Garry G wrote: ↑Sun Apr 14, 2019 2:49 pm
this is my understanding: the program arrives at the wrong answer because the programmer has failed to make two inputs mutually exclusive. And one slower signal just fails to get there in time to cancel the other signal.
Now look where you have ended up. You are already claiming that you know what the "right" answer is.
If you already know the truth - what do you need logic for?
The most important development in logic in the last 100 years is the
Curry-Howard correspondence
It says that a mathematical proof is the same beast as a computer algorithm.
And so in a constructivist paradigm p and q are objects. ANY mathematical objects. That behave in any way you can imagine them behaving.
And this statement is nothing more than a proposition: p & q => p
IF I can find values for p and q such that the above evaluates to "true" then that is proof for your claim.
Garry G wrote: ↑Sun Apr 14, 2019 2:49 pm
I'm assuming that his kind of problem is not just down to bad circuit design and bad programming. If it is just bad design then my answer is the same as the picture of the tank and pipe. The design is fixable.

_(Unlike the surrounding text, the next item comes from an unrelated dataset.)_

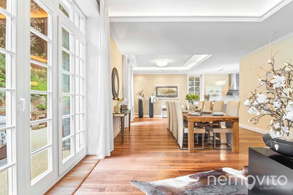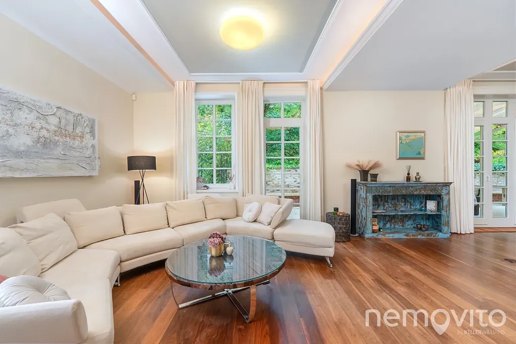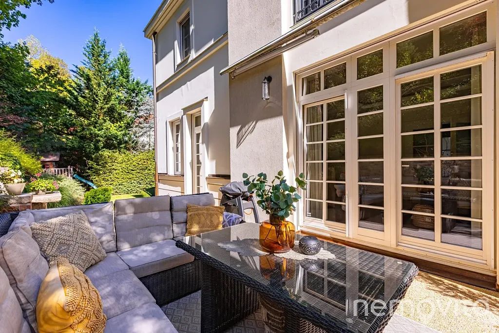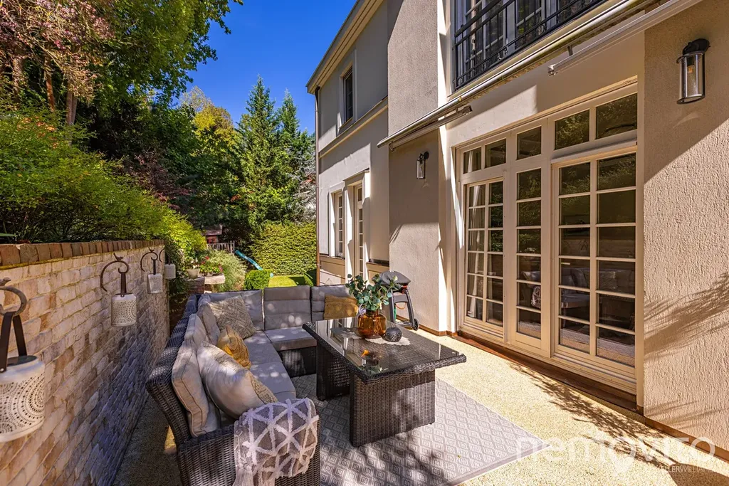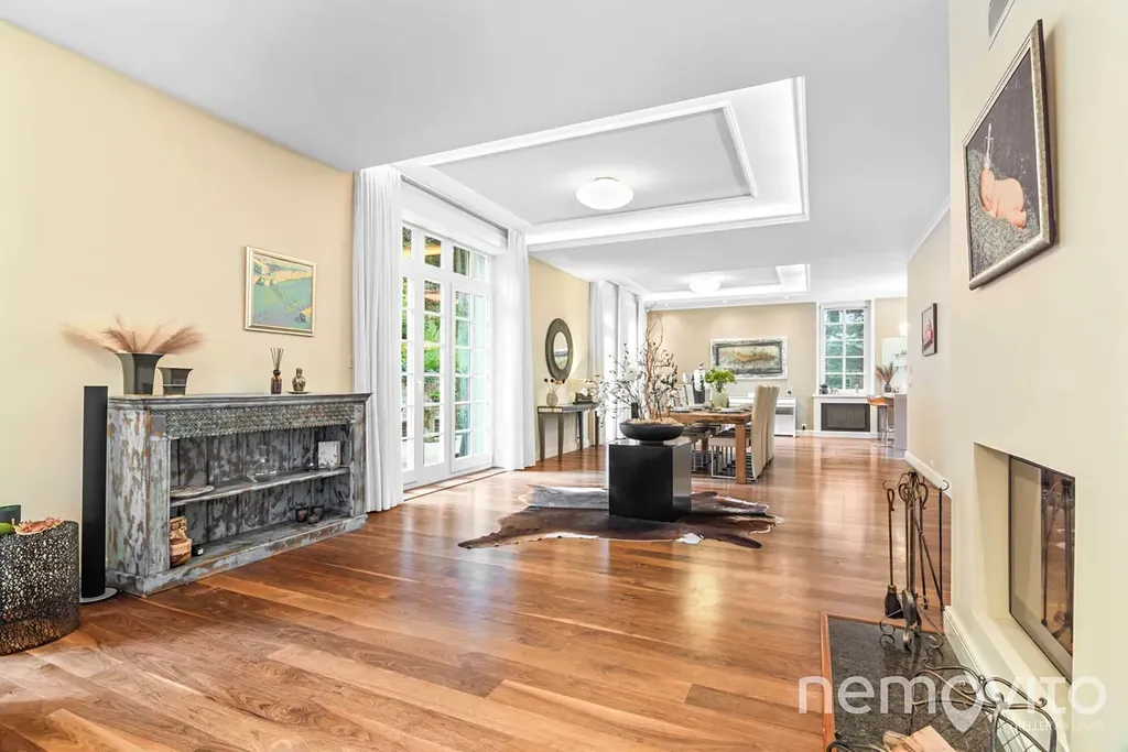 The dominant feature of the house is the living room, whose area is almost 100 sqm in total, with several French windows. These provide amazing views of the green garden, which is designed with maximum privacy. The living room has a fireplace and an entrance to the terrace. Thanks to the terrain difference, it is completely separated from the neighboring street. The space can easily accommodate up to twenty guests.

The design is fixable. Logic is not.
Logic is not what you think it is. It's not a source of truth. It's a framework for computation.
Garry G wrote: ↑Sun Apr 14, 2019 2:49 pm
This is not a logical problem and the logical principles are not in any danger.
What would you say the "logical principles" are?
Identity? x = x ⇔ True
I can (have) constructed systems where it evaluates to False.
non-contradiction? (p & ~p) ⇔ False
I can (have) constructed logical systems where it evaluates to True.
Axioms.... All axioms are arbitrary.
Aristotelian logic is dead. Church and Turing killed it.